Social proof is a big motivator for a lot of people - they want to do what others like them are doing. It follows, then, that CTAs like "Join 123,456 brilliant marketers" can be very appealing to visitors.

They feel like they're becoming part of something exclusive, and feel like they're missing out on something if they don't covert.

CTA "Add-Ons"

Let's end up this article with a few words you can use to spice up your CTAs. These are words you can combine with the 18 CTA words above to maximize your conversion rates.

19. % or $

When you're promoting a discount, adding the offer itself into your CTA button is an awesome way to draw people in. "Save Now" isn't nearly as compelling as "Save 20% Now!". Adding numbers to your CTA makes your discount feel a little more tangible to your visitors.

20. Try

Like I mentioned in tip #17, the word "Try" is inviting because it feels low-commitment. Adding this to your free trial or free class offer CTA buttons is a good way to get people in the door.

21. Now

Calls-to-action are aptly named - they signify action, and adding "now" to your CTA buttons is an awesome way to reiterate that. Psychologically, they push visitors out of indifference (it's easy to ignore a CTA) and into a state of mind that they need to convert on your page - now.

22. Free

In today's world of ecommerce, every CTA button can feel like a purchase commitment. If your offer is at all free - think free trial, assessment, consultation, or what have you - this is a word you need to have in your CTA buttons, as it assures visitors there's no downside to clicking.

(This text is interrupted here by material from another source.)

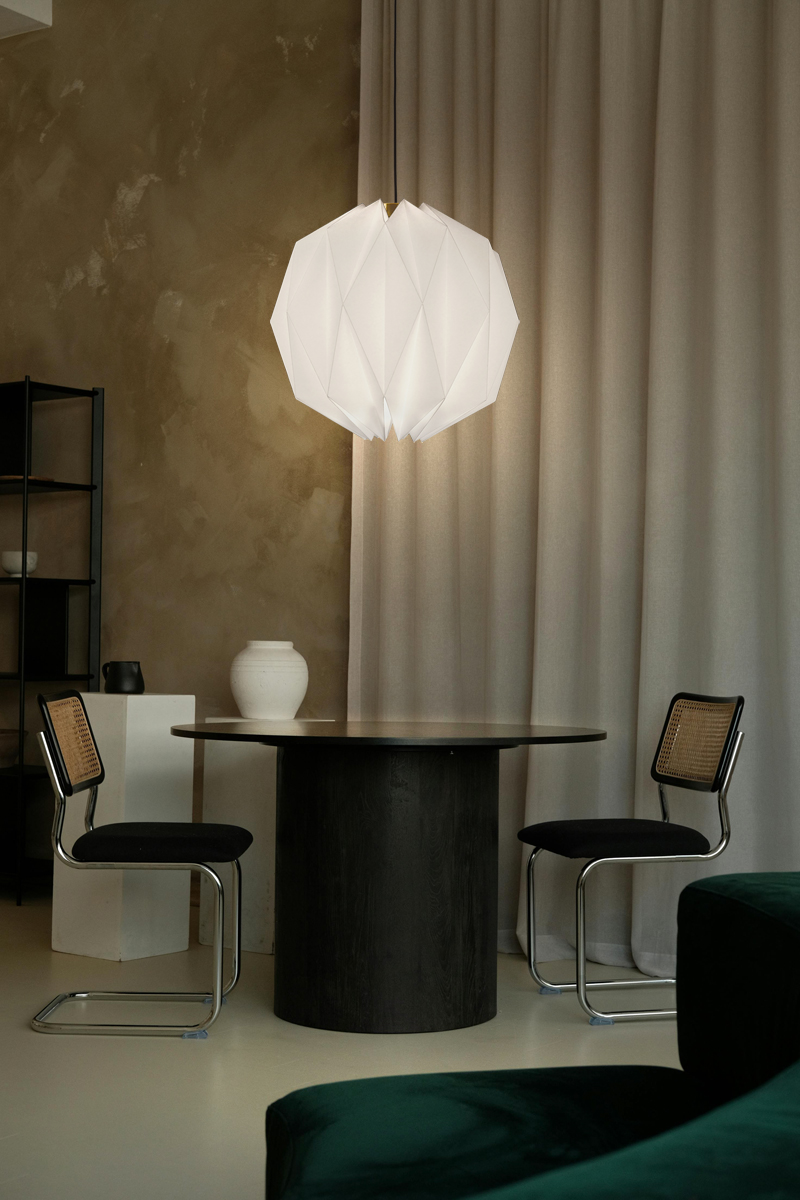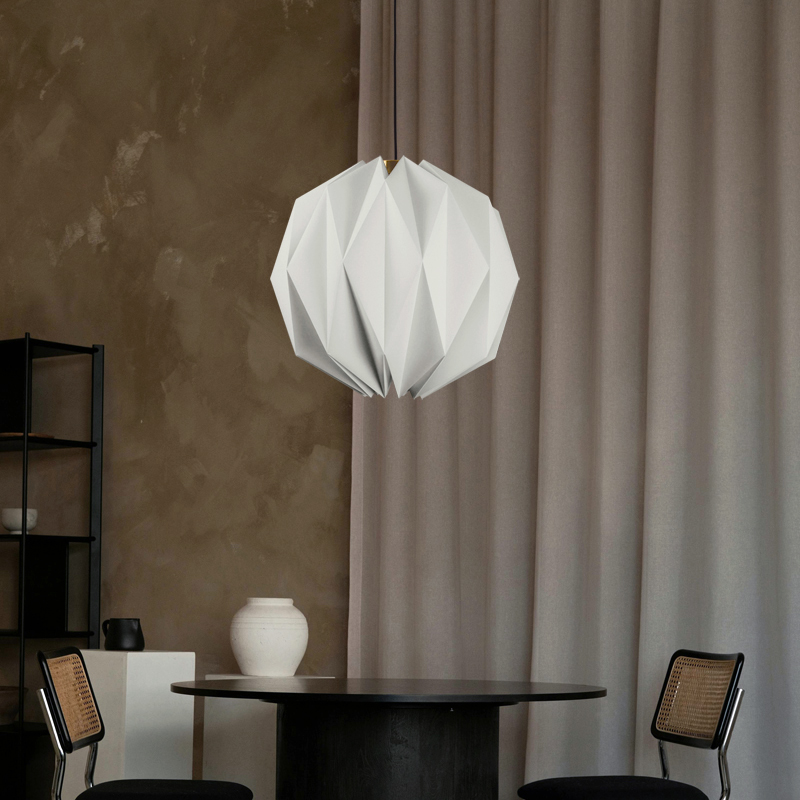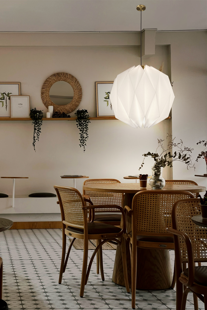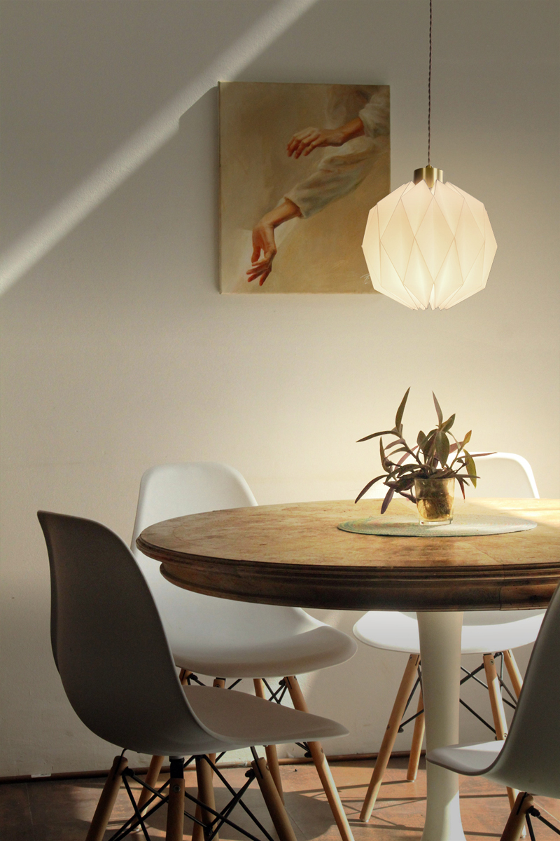 STELLAR恆星吊燈是一款不限場域性質使用的美形燈飾,可以安裝在床頭兩側、餐桌上方為您自在的棲所增色;商業空間如風格咖啡廳、甜品店、書店、餐酒館、民宿或社區公共空間都相當適合,用動人的氛圍迎接來訪的貴客。其獨特鮮明的摺紙燈罩不論是單一或多個擺設皆能成為空間當中的視覺焦點,即便燈光未開啟時也宛如一個唯美動人的風格擺飾,美麗多角面的球體能隨著光照角度帶出不一樣的光影變化;點亮後的球體燈罩稜線分明,宛如恆星般唯美動人,漫射出溫暖具有穿透力的光線將周遭渲染出柔美氛圍。

On top of that, people love free stuff - they have nothing to lose by clicking, so why not convert?

23. Save

This word should be a staple in your discount or offer CTAs. Whether it's a sale or a % off coupon, you can use the word "save" to signal to visitors that they'll be saving money if they click, and missing out on potential savings if they don't. I prefer a CTA like "Save 10% Now" compared to something like "Get Coupon".

24. Me/My/You/Your

One thing that's common between most CTAs is that they can feel impersonal. Using pronouns or determiners like "me" or "my" can turn a CTA into a personal call-to-action, increasing a visitor's emotional or cognitive connection with your button. For example, "Download Ebook" pales in comparison to "Download My Free Ebook!".

25. Start/Stop

Words like "start" and "stop" are also great for CTAs. They work in a ton of contexts - for example, a gym might use "Start Changing Your Life" as an emotionally-driven CTA. The word "stop" can also be very powerful in the right contexts - for example, Wishpond might have a CTA for its popup tools that says "Stop Wasting My Website Traffic!".